How TikTok is helping me teach Aussie kids about money
Earlier this year towards the end of my Year 12 business management and enterprise class, I asked my students: "Do you think you are prepared with the necessary financial literacy skills when you leave school at the end of the year?" The overwhelming response was no.
Their response did not shock me.
When students choose their subjects for Year 11 and 12, there are currently no subjects that offer any financial literacy insight or practical money skills. In the Western Australian Certificate of Education, there are three business subjects that are offered: economics, business management and enterprise, and accounting and finance. These subjects allow them to better understand business, but not improve their understanding of money.
Don't get me wrong - allowing teenagers to understand the inner workings of a business is a great pathway into them wanting to enter that world once they leave school. But, shouldn't they understand and work on their own personal finances before they tackle something far greater?

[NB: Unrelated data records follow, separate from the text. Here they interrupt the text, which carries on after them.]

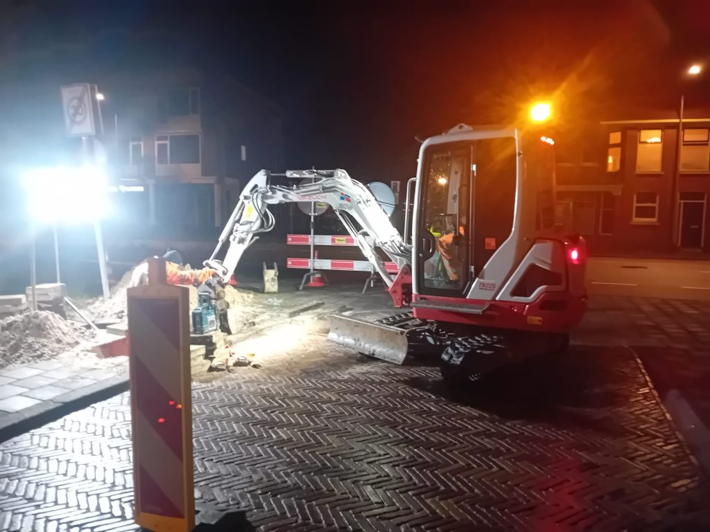 Verschillende huizen in de Groningse woonwijk De Hoogte zitten zonder stroom. Dat komt door een kabelbreuk. Op dit moment wordt met een graafmachine gezocht naar de verstoring in de kabel om die te verhelpen.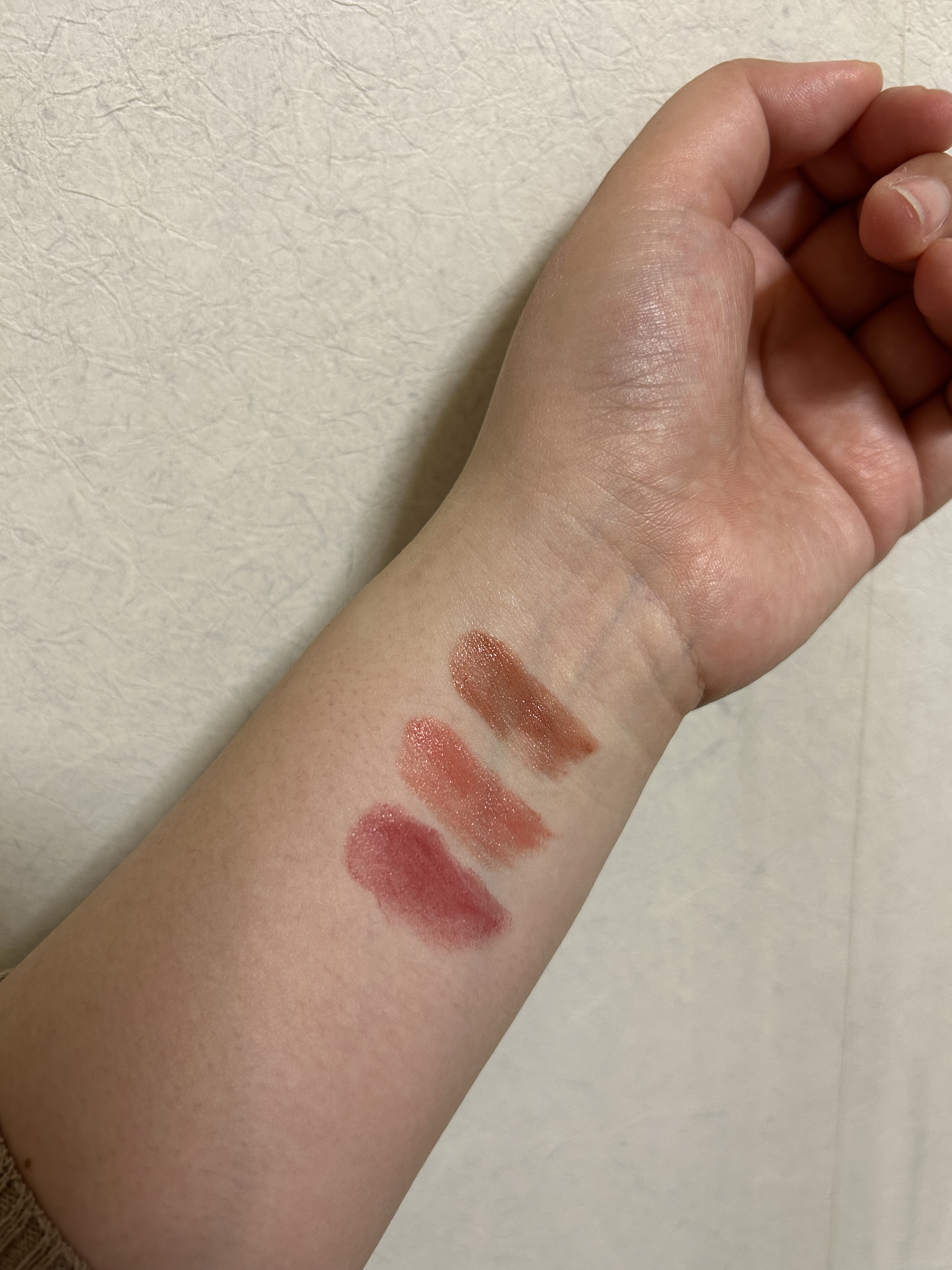 ヴァセリンモイスチャーティント02ラセットローズ03モードピンク色比較してみました!スティックで見てみると(2枚目)色味はかなり違う感じ02はパキッとしたピンクで03はパープルみの強いピンク手首に塗ってみると(3枚目)本当に限りなく同じ色です...
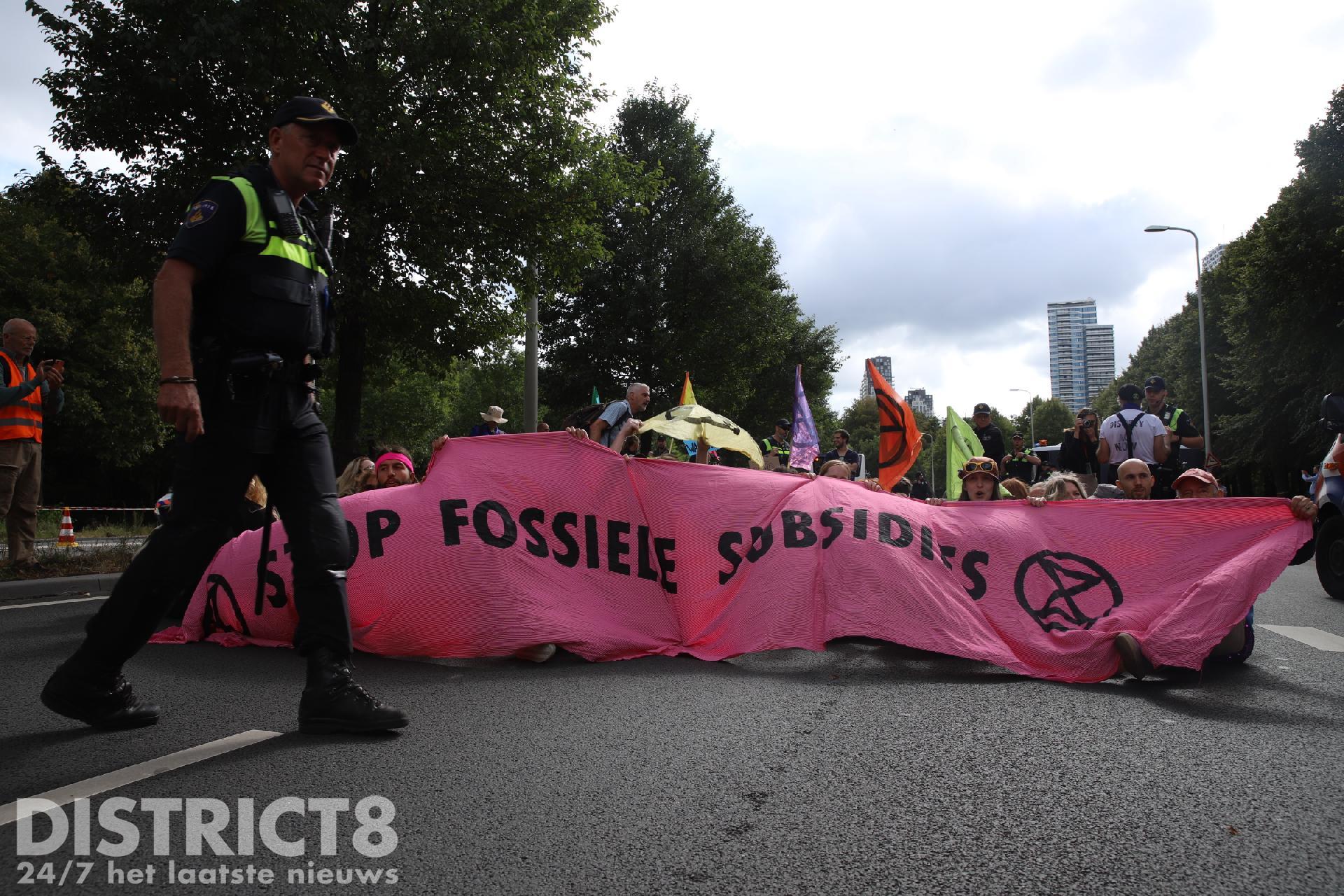 Den Haag – De demonstranten van Extinction Rebellion hebben de A12 en het kruispunt van de Zuid Hollandlaan en de Bezuidenhoutseweg geblokkeerd. Dit deden zij voor de vijfde dag op rij.

I became passionate about teaching financial literacy as a junior cricket coach.
These teenagers that I would coach into maybe becoming the next Steve Smith or Ellyse Perry, I would also talk to about making responsible financial decisions, about buying their next cricket bat or how to save money for their first car. It floored me that these concepts were not being explicitly taught in schools.
At the same time, if financial literacy is not explicitly a part of the syllabus, especially in the later years of secondary education, then the resources will not be provided. As much has there been a push by the private sector to provide financial literacy programmes, teachers are already limited by their punishing schedules to deliver their programmes and co-curricular commitments, let alone deliver a separate financial literacy programme.
In 2016, the University of Melbourne conducted the Household, Income and Labour Dynamics in Australia (HILDA) Survey, which collected valuable information about economic and personal well-being.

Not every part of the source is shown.